Shootout at the House in the Horseshoe

The War Years (1775-1783)

September 29, 2025
by John Hanc Also by this Author

WELCOME!

Journal of the American Revolution is the leading source of knowledge about the American Revolution and Founding Era. We feature smart, groundbreaking research and well-written narratives from expert writers. Our work has been featured by the New York Times, TIME magazine, History Channel, Discovery Channel, Smithsonian, Mental Floss, NPR, and more. Journal of the American Revolution also produces annual hardcover volumes, a branded book series, and the podcast, Dispatches


Advertisement



Advertisement

About an hour’s drive west from Raleigh, in North Carolina’s Moore County, the traffic thins out, the roads narrow, and the suburban sprawl of the Triangle area softens into farmland, ringed by trees, unrolling across the horizon.

While only a little over fifty miles from one of the country’s fastest-growing metropolitan areas, this is still the backcountry, and has been for centuries.
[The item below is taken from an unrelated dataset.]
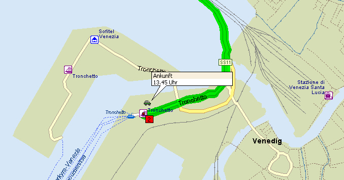 Der Weg vom Hafen ins Zentrum Venedigs ist  nicht so sehr weit, so dass wir uns entscheiden, zu Fuß zu gehen. Man kann aber auch von der Busstation, die unmittelbar am Hafen liegt (s. Karte), mit dem Bus fahren.

On a sweltering day in late June 2025, it’s not hard to imagine a similar morning in July 1781, when the warm work of musketry crackled through the torpid Carolina air, centered around what, at the time, was the grandest home in these parts, a manse that went by a poetic moniker: the House in the Horseshoe.

“It’s rural today, and it was even more so in the eighteenth century,” says Amanda Brantley, the site supervisor for what is now a state historic house museum. “There weren’t a lot of neighbors.”

The House in the Horseshoe. (North Carolina Department of Natural and Cultural Resources)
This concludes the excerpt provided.